Look for Russ Tamblyn playing the little shepherd Saul...
This is one to see on a large screen. I first saw it when it came out in a theater,and the climactic scene was extremely impressive to a youngish teenager.
There was a lot of coverage of the film at the time, and Life magazine had a feature on it, including a pictorial of Mr. Demille showing Victor Mature the proper technique to use a jawbone as a weapon.
Possible spoilers follow.
In Demille's autobiography, he indicated how he used a sketch of a muscular hunk and a gorgeous woman to sell his underwriters on financing a Biblical film. He also related how he had his research staff scour historical documents to find a temple design that would collapse if its two main pillars were dislodged. The result is what's seen on the screen, though the collapse was aided by a few concealed charges.

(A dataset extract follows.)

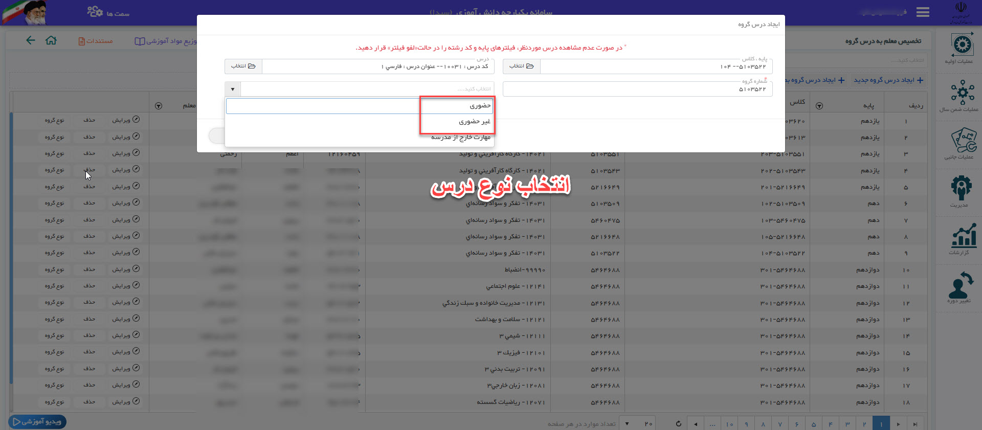 ✍️ نکته هشتم: در تابستان چون دروس به دو صورت حضوری و غیر حضوری تعریف میشوند بنابراین در ابتدا دروس مورد نظر را با استفاده از ایجاد در گروه جدید به صورت حضوری/ غیرحضوری تعریف نمایید.
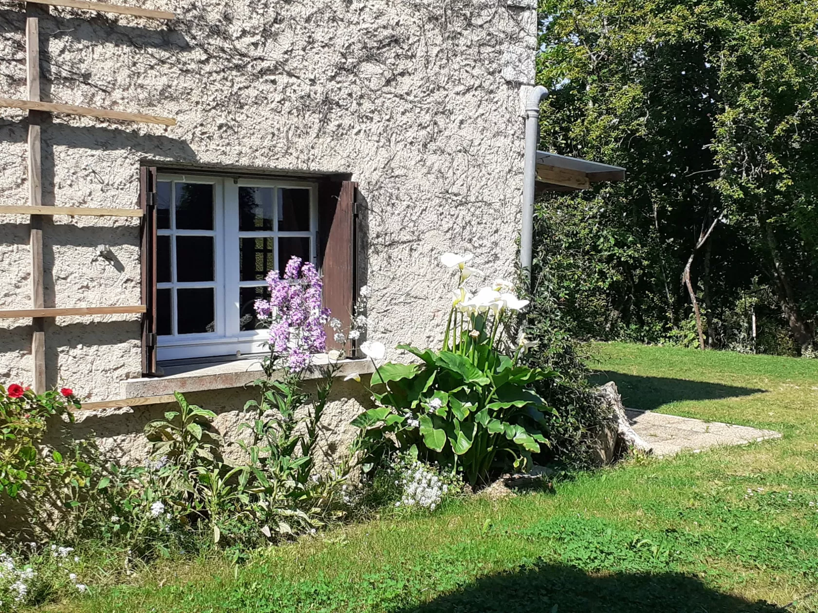 Omdat het huis op een heuvel is gebouwd heeft het aan de voorzijde 2 woonlagen en aan de achterzijde 3. De gîte ligt aan de achterzijde, grenzend aan een grote tuin met vijver, diverse terrassen en uitzicht op de vallei. Er is een trapopgang naar het zwembad aan de voorkant van het huis.

Hedy Lamarr made an excellent Delilah, with the best of motivations for betraying Samson: she was spurned. This was set up before the wedding feast, where she enjoyed being with Samson, even though he wasn't paying attention. (I can't think of many functional and heterosexual males who would be that obtuse.) Although Victor Mature wasn't as beefy as later male stars like Steve Reeves or Arnold Schwarzennegger, this was okay because his strength was miraculous.
Naturally, the finale was spectacular, and that is what people went to theaters to see in a Demille film.
* Victor Mature won the role of Samson over Burt Lancaster, who had a bad back and was considered too young. Henry Wilcoxon was considered, but thought to be too old.
* Cecil B. DeMille considered Betty Hutton for the role of Delilah.
* For the scene in which Samson kills the lion, actor Victor Mature refused to wrestle a tame movie lion. Told by director Cecil B. DeMille that the lion had no teeth, Mature replied, "I don't want to be gummed to death, either." The scene shows a stunt man wrestling the tame lion, intercut with closeups of Mature wrestling a lion skin.
* At the premiere, Cecil B. DeMille asked Groucho Marx what he thought of the film. Groucho replied, "Well, there's just one problem, C.B. No picture can hold my interest where the leading man's tits are bigger than the leading lady's." DeMille was not amused, but Mature supposedly was.
* Sunset Blvd. (1950) was also being filmed around Paramount at the same time as this movie. In a scene where Gloria Swanson's character Norma Desmond visits the sound stage to see Cecil B. DeMille, he was actually directing a scene from "Samson and Delilah" and the actual cast members and crew are seen taking a break from this feature.
* With a $12 million gross domestically, this was the biggest hit Paramount had to date.
* Among DeMille's most serious candidates for the role of Delilah were Jean Simmons, Lana Turner, and Rita Hayworth. In the case of the latter two actresses, their respective studios (MGM and Columbia) refused to loan them to Paramount.